--- START ---

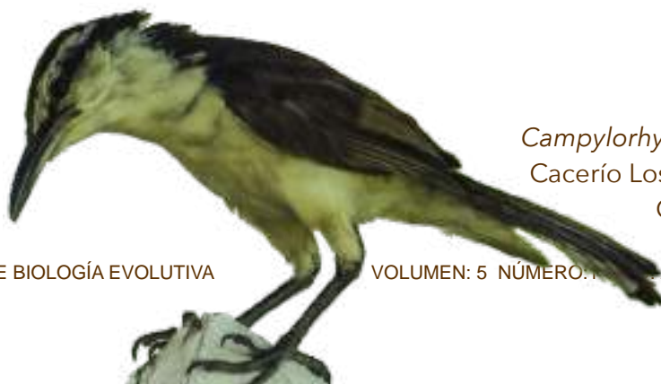
Campylorhynchus griseus , 2016 Cacerío Los Andes, Magdalena Gustavo Pisso Florez

El principal reto que enfrenta este tipo de estudios radica en que las poblaciones ancestrales ya no existen y todas las inferencias se hacen basadas en poblaciones que pueden o no representarlas adecuadamente. Es probable que estas poblaciones hayan divergido drásticamente debido a diferentes procesos evolutivos o que hayan coexistido con poblaciones extintas o no caracterizadas. Sólo a medida que se obtenga información genética más detallada y aumente la cobertura de los muestreos, se podrán inferir historias evolutivas y demográficas más cercanas a la realidad. Por el momento, se hace necesario una posición crítica y una valoración adecuada de las demás evidencias que se puedan obtener.
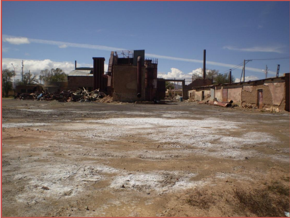
El predio de la ex fundición Metal Huasi dos años después de la remoción de montaña de desechos metalúrgicos. Aún se ven los humos blancos sobre el suelo. Clínica de Derechos Humanos. Abril 2011.

Para el desarrollo de la primera etapa del plan de remediación, en enero de 2010 se llevó a cabo una licitación para la contratación de la compañía consultora que evaluaría y diseñaría el plan de remediación ambiental. 21 Sin embargo, GEAMIN no ha hecho público la información sobre los procesos de la licitación, los estándares utilizados para la elección de la compañía, ni cuáles compañías fueron consideradas, aunque el préstamo estipula que la información sobre los procesos de la licitación debe estar disponible en un portal único electrónico de libre acceso y accesible al BID. 22 Así fue seleccionada la empresa peruana CESEL para la evaluación y diseño del plan de remediación.

--- END ---

Transcribe the preceding listing in its entirety and with exact wording, leaving out pictures.

Campylorhynchus griseus , 2016 Cacerío Los Andes, Magdalena Gustavo Pisso Florez

El principal reto que enfrenta este tipo de estudios radica en que las poblaciones ancestrales ya no existen y todas las inferencias se hacen basadas en poblaciones que pueden o no representarlas adecuadamente. Es probable que estas poblaciones hayan divergido drásticamente debido a diferentes procesos evolutivos o que hayan coexistido con poblaciones extintas o no caracterizadas. Sólo a medida que se obtenga información genética más detallada y aumente la cobertura de los muestreos, se podrán inferir historias evolutivas y demográficas más cercanas a la realidad. Por el momento, se hace necesario una posición crítica y una valoración adecuada de las demás evidencias que se puedan obtener.
El predio de la ex fundición Metal Huasi dos años después de la remoción de montaña de desechos metalúrgicos. Aún se ven los humos blancos sobre el suelo. Clínica de Derechos Humanos. Abril 2011.

Para el desarrollo de la primera etapa del plan de remediación, en enero de 2010 se llevó a cabo una licitación para la contratación de la compañía consultora que evaluaría y diseñaría el plan de remediación ambiental. 21 Sin embargo, GEAMIN no ha hecho público la información sobre los procesos de la licitación, los estándares utilizados para la elección de la compañía, ni cuáles compañías fueron consideradas, aunque el préstamo estipula que la información sobre los procesos de la licitación debe estar disponible en un portal único electrónico de libre acceso y accesible al BID. 22 Así fue seleccionada la empresa peruana CESEL para la evaluación y diseño del plan de remediación.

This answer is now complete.